A feminist's aphorism. Women who seek to be equal to men lack ambition.
IT'S IN Old Wives' Tales by Sue Castle: "Don't go swimming right after eating; you'll get cramps and drown - Not True! If there is one rule that has caused more childhood misery than this one, I can't imagine what it would be.
"The reasoning given by parents went something like this: The blood supply the muscles would normally use for swimming is needed to digest the food. Therefore, the resulting lack of oxygen would increase the tendency for muscles to cramp.
"According to Bev Hoover, Health and Safety Specialist at the national office of the American Red Cross, cramps can and do occur while swimming. But they have little or nothing to do with how soon after eating you take the plunge.
"They occur, for the most part, in one of your muscles: either in your arm or your calf. These cramps can be caused by fatigue, cold, overexertion, or simply by being out of shape.
"Stomach cramps, which are better defined as abdominal or gastrointestinal cramps, can result from the same factors. More likely, they can be attributed to overeating, or eating food that may have spoiled from the heat. But these cramps will appear whether or not you go swimming.
"The important thing to know is what to do when you get a cramp. The Red Cross says: Just relax, do not become panicky or alarmed. Reassure yourself that your buoyancy hasn't changed, and you are still floating. Often just changing your swimming stroke will relieve the cramp.
"Or float while massaging the muscle. If it's a foot cramp and you're in deep water, take a deep breath, roll face down, extend your leg and flex it, and reach down and massage the muscle.
"Often an intestinal cramp will pass in a few moments, especially if you don't get anxious. If it doesn't pass, then get out of the water as soon as possible, again without panic.

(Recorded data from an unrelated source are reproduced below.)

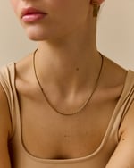 El collar Eileen está formado por una cadena vintage, mide 44 cm de largo y está chapado en Oro de 18Kt con 2 micras de grosor. La base es de latón libre de níquel y de plomo.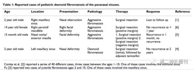 图7. 既往文献报道的鼻窦旁韧带样纤维瘤的总结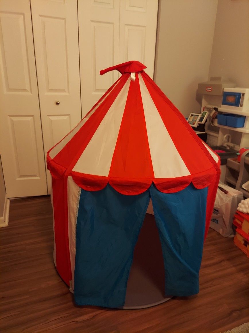 Red, White and Blue tent Easy to fold up Lightweight Measurements are in the last picture Excellent Condition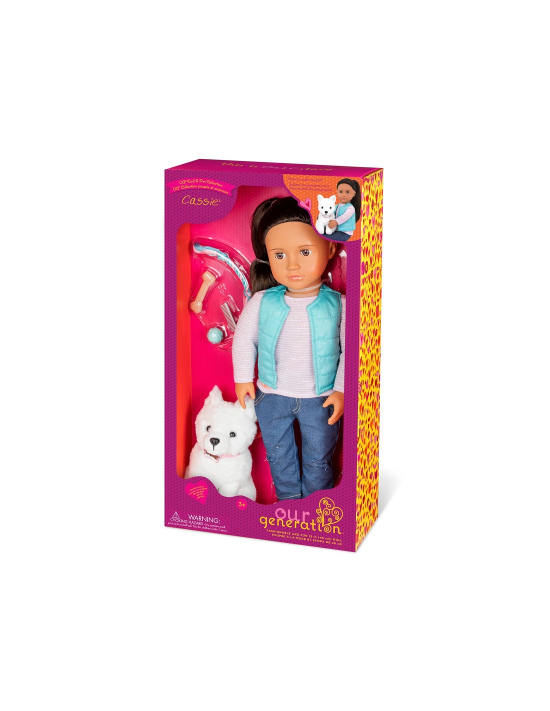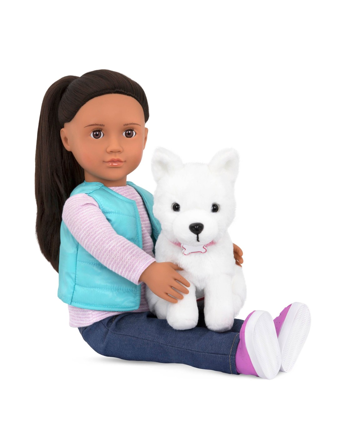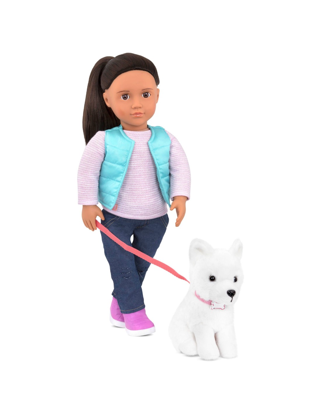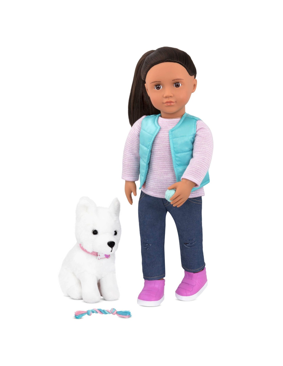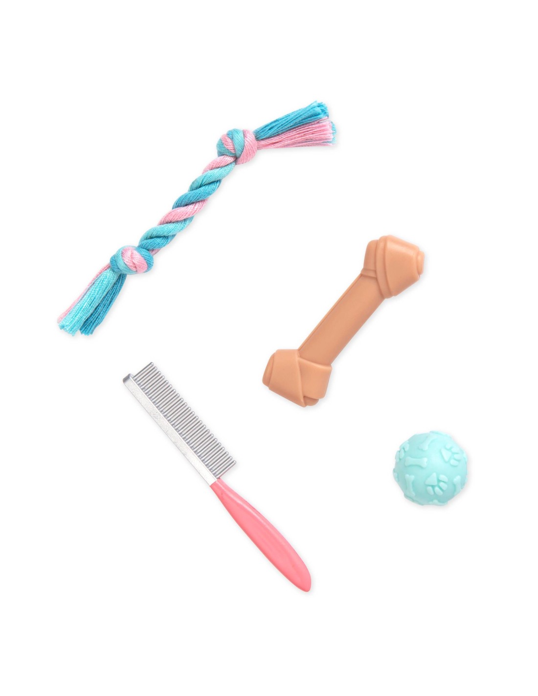 La poupée est accompagnée d'un chien et de différents accessoires.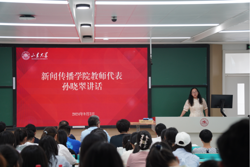 随后,2024级新生代表衷晓晓表达了对人生开启新章节的憧憬。她通过回忆中学时代的成长经历、联系当下节点、展望未来发展,呼吁大家坚定新传理想,明确自我目标,号召大家“坚守自我的底线逻辑、培养一份专业的媒介素养、享受思想与灵魂的碰撞”。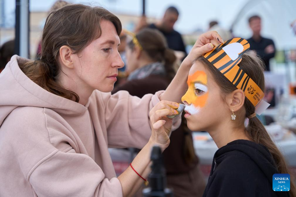 A girl gets make-up during the Tiger Day event in Vladivostok, Russia, Sept. 28, 2025. Since 2000, Vladivostok has celebrated Tiger Day in the last weekend of September each year to raise public awareness about tiger conservation. (Photo by Guo Feizhou/Xinhua)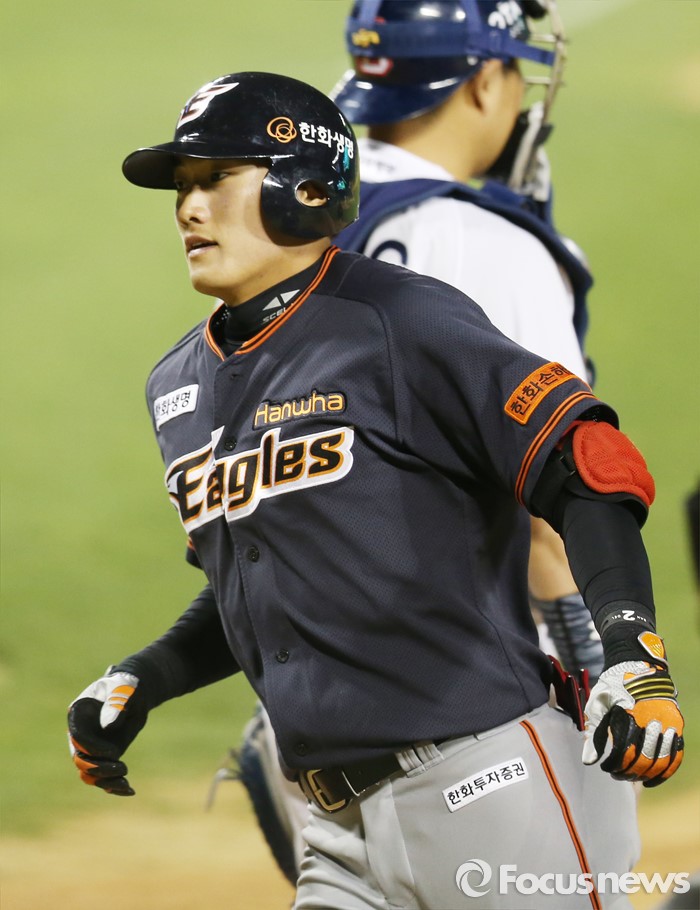 (서울=포커스뉴스) 24일 서울 잠실구장에서 열린 2016 프로야구 한화-두산 경기 9회초 한화 선두타자 신성현이 좌월 솔로 홈런을 치고 홈인하고 있다.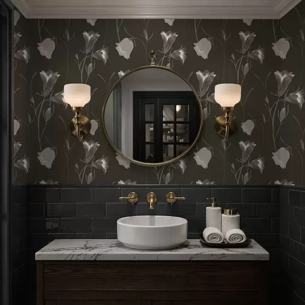 Papel pintado Flores grises en forma de campana sobre fondo oscuro Nr. a01119v1

"Whenever you're at the beach or pool, remember the American Red Cross' 'dangerous toos' - too tired, too cold, too far from safety, too much sun, and too much hard playing. But going swimming 'too soon' after eating isn't included.
"If your kids, or you for that matter, want to plunge into the water right after a hot, sticky lunch, it's fine. Let's finally leave this Old Wives' Tale high and dry on the beach."